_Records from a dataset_
======

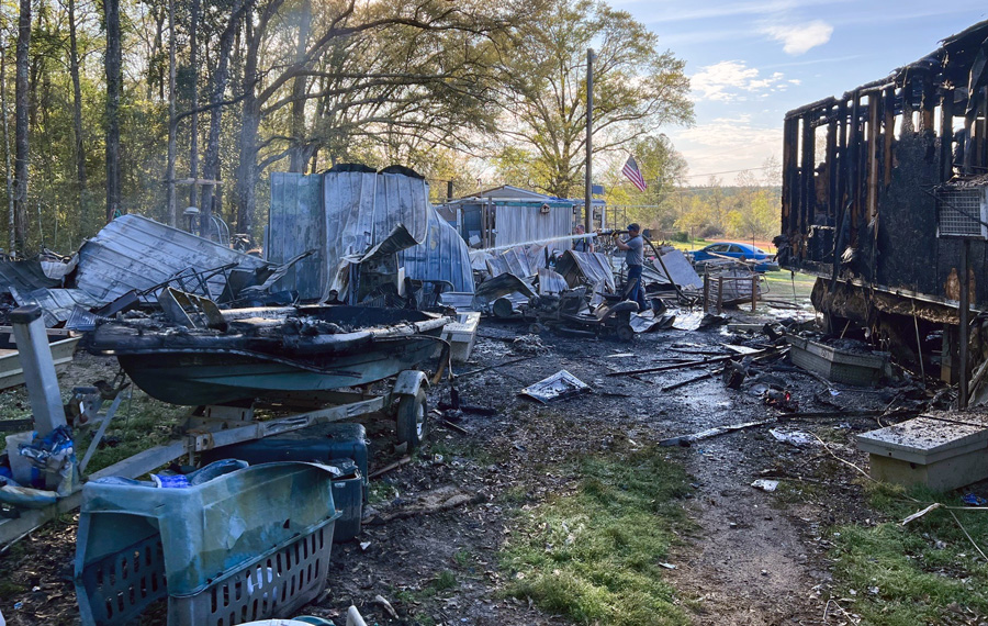 The shed was a total loss, and the mobile home will need extensive repairs.
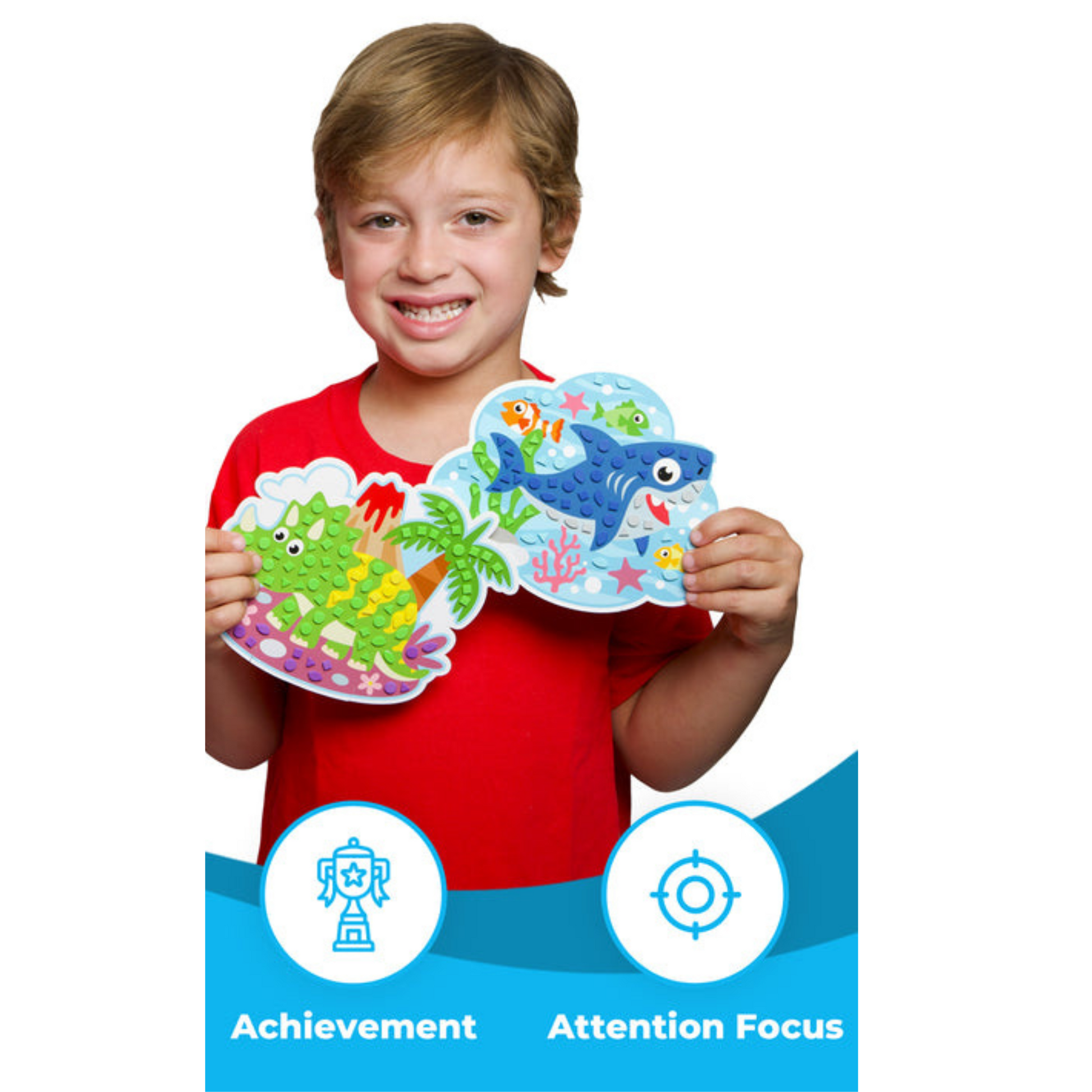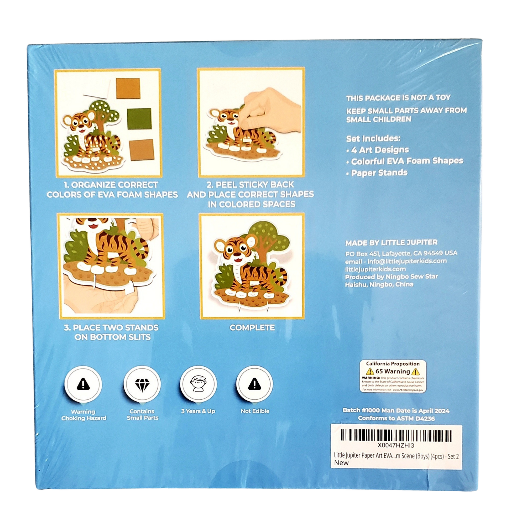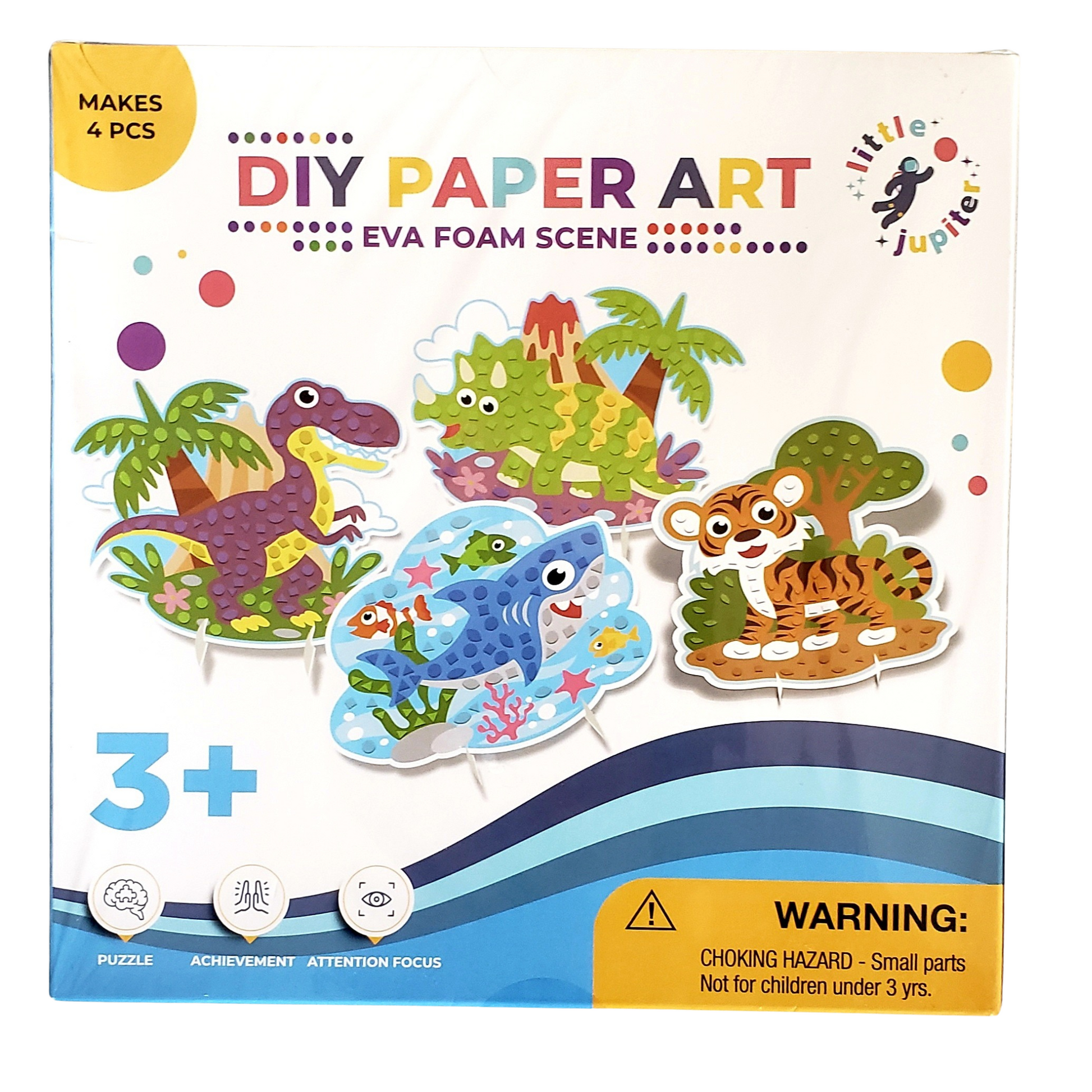 Build-N-Learn: DIY EVA Foam Scene is a great craft for young preschoolers to help understand color, shapes and develop fine moto skills too! Each set comes with 4 colorful whimsical designs including (1) Ocean Life (1) Jungle Animals and (2) Dinosaur scenes. With this kit, children simply stick precut colorful EVA shapes onto a paper design to create a great 3D craft ready for display using the paper stands to help them stand up on their own. A terrific project for poor weather days, after school projects, summer vacation cool down time and more. It could even be used for family engagement time!
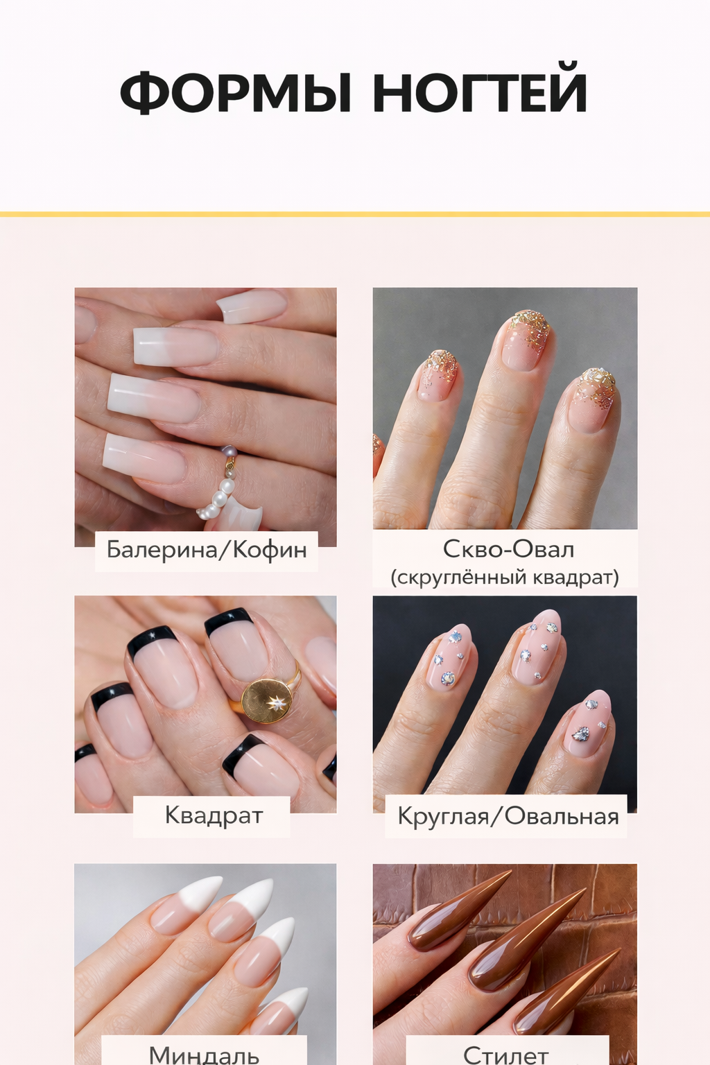 Не знаете, какая форма ногтей вам идеально подойдёт? Мы поможем разобраться! Узнайте о самых популярных формах, кому они подходят и как правильно оформить их с помощью пилочки. Читайте дальше наш новый материал и откройте для себя 9 популярных форм ногтей, которые стоит попробовать каждой любительнице красивого маникюра. .
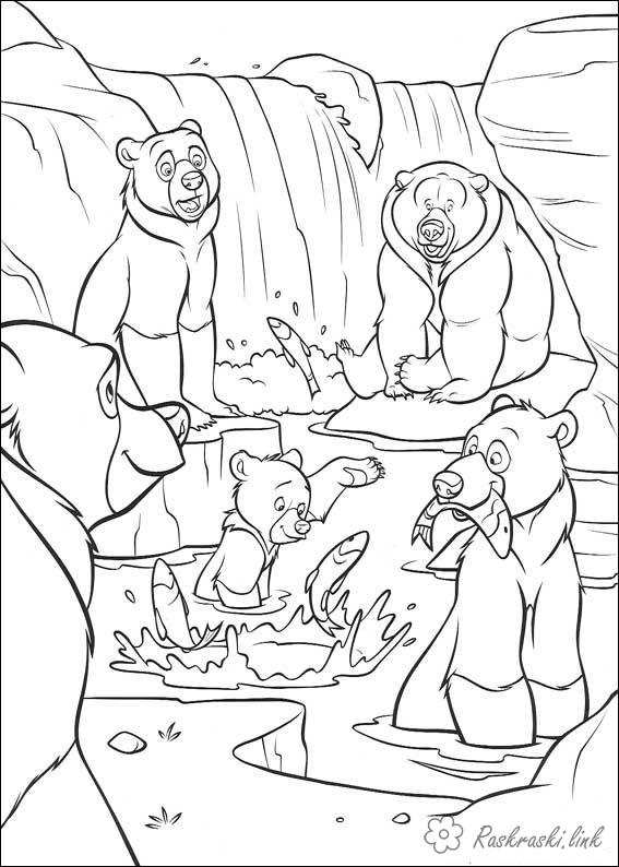 Ведмеді ловлять рибу. Раскраска розмальовки для дітей, природа, відпочинок на природі, тварини, ведмідь, риба завантажити бесплатно онлайн
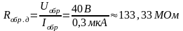 Рассчитать Rобр.д для диода КД209Б при Uобр = 40 В и сравнить с рассчитанной величиной Rпр.д. На обратной ветви ВАХ КД209Б (см.рисунок. 1.3) находим: Iобр = 0,3мкА при Uобр =40В.
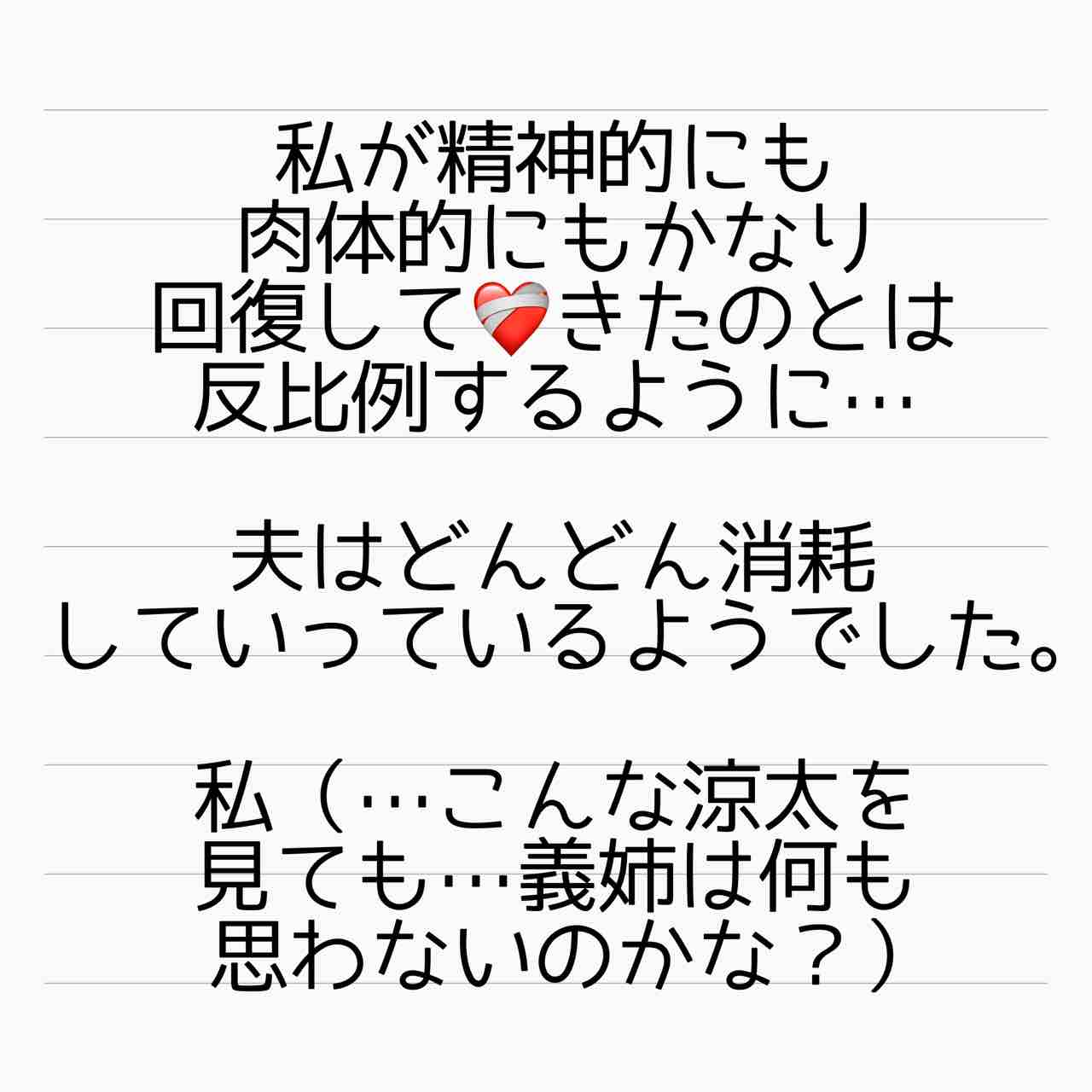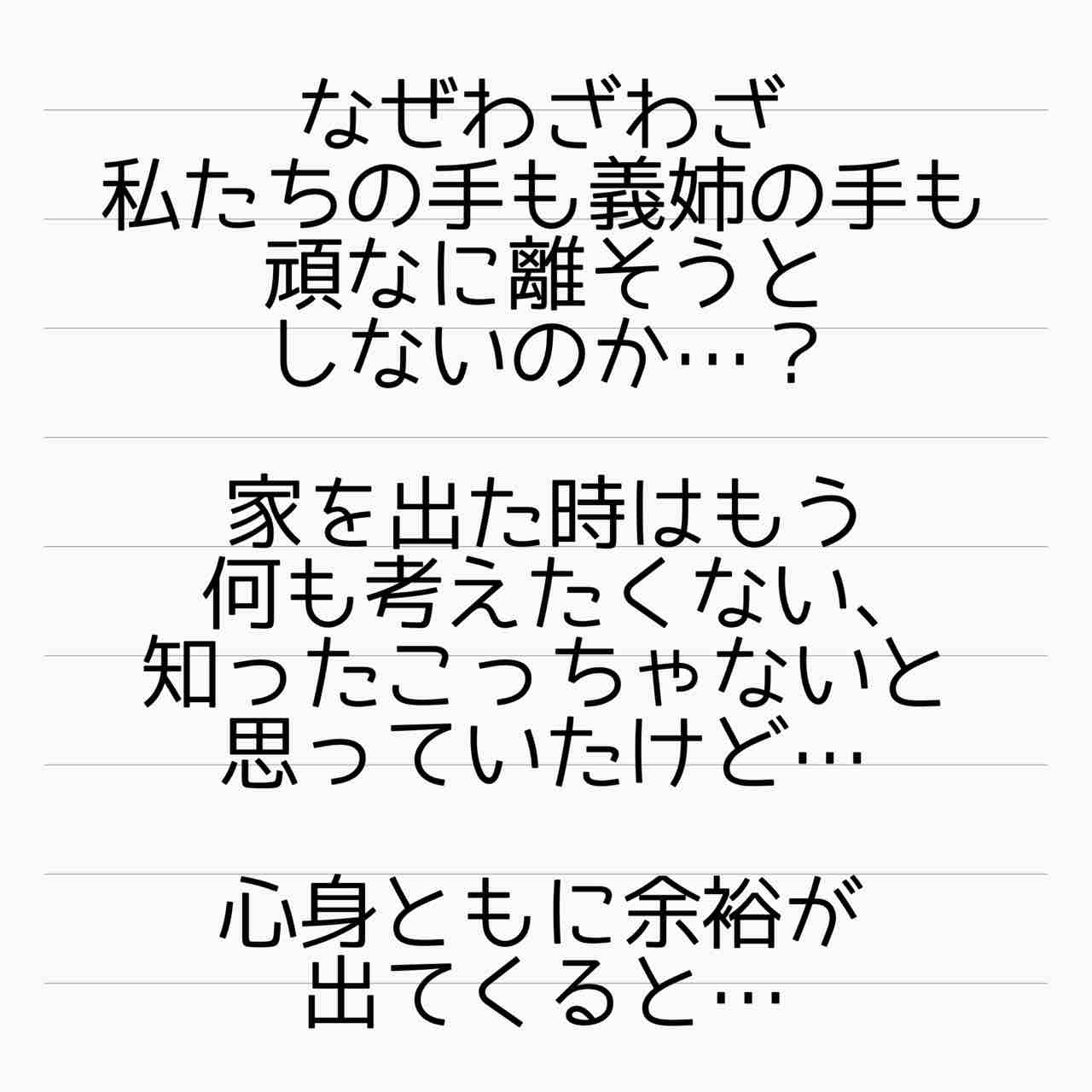 これまでを見てると、義姉との関係は相互依存というより呪縛のように感じますね。家庭の方は呪縛から逃れるための希望かな。自分でも義姉との関係は異常だと分かっていて家庭を拠り所にしようとしたけど、それでも義姉との関係を断ち切れない。でも、ここで家庭を手放したら最後だと分かっているので手放せない、のかな。

======

Beginning with the line holding "Рассчитать Rобр.д для", copy each line exactly through the end of the records above, and leave every picture out.

_YOUR SOLUTION_
 Рассчитать Rобр.д для диода КД209Б при Uобр = 40 В и сравнить с рассчитанной величиной Rпр.д. На обратной ветви ВАХ КД209Б (см.рисунок. 1.3) находим: Iобр = 0,3мкА при Uобр =40В.
 これまでを見てると、義姉との関係は相互依存というより呪縛のように感じますね。家庭の方は呪縛から逃れるための希望かな。自分でも義姉との関係は異常だと分かっていて家庭を拠り所にしようとしたけど、それでも義姉との関係を断ち切れない。でも、ここで家庭を手放したら最後だと分かっているので手放せない、のかな。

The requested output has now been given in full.